--- START ---

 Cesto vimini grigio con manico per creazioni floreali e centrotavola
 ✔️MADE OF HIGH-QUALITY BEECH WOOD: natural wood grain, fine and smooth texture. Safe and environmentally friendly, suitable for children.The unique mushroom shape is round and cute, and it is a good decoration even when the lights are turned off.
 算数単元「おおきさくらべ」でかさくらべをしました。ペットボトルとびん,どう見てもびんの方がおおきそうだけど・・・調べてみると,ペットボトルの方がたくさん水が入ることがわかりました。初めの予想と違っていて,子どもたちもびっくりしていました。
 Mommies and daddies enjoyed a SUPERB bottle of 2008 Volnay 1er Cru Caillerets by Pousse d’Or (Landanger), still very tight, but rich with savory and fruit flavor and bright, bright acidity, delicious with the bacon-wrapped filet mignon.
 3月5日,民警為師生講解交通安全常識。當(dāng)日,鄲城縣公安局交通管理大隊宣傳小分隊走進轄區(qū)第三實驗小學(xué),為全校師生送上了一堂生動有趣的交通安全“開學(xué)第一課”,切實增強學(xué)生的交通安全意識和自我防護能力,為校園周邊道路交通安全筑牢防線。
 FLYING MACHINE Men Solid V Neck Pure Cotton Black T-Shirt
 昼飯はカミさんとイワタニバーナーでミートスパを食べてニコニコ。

--- END ---
--- START ---

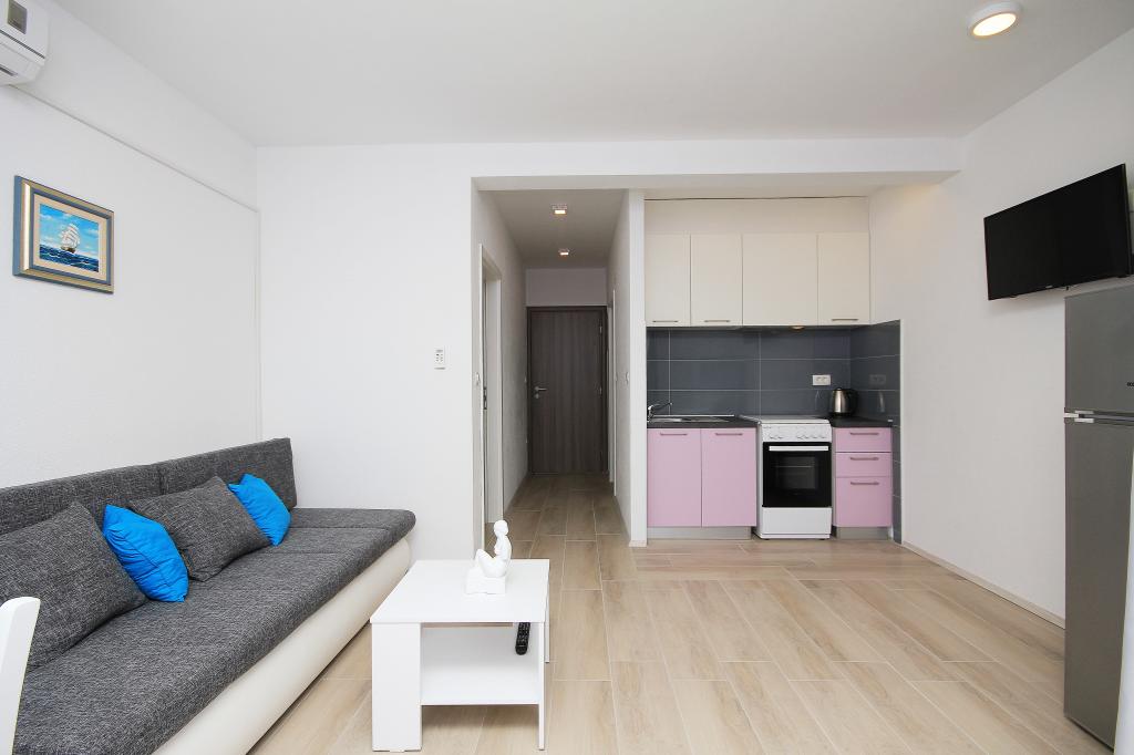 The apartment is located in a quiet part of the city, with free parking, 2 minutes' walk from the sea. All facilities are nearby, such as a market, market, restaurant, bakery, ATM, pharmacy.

--- END ---

§ **What to work on**
Find where the line with "3月5日,民警為師生講解交通" sits in the material above, then copy exactly from it through the line with "昼飯はカミさんとイワタニバーナーでミートスパを食べてニコニコ。". Add no other line.

§ **Result of the exercise**
 3月5日,民警為師生講解交通安全常識。當(dāng)日,鄲城縣公安局交通管理大隊宣傳小分隊走進轄區(qū)第三實驗小學(xué),為全校師生送上了一堂生動有趣的交通安全“開學(xué)第一課”,切實增強學(xué)生的交通安全意識和自我防護能力,為校園周邊道路交通安全筑牢防線。
 FLYING MACHINE Men Solid V Neck Pure Cotton Black T-Shirt
 昼飯はカミさんとイワタニバーナーでミートスパを食べてニコニコ。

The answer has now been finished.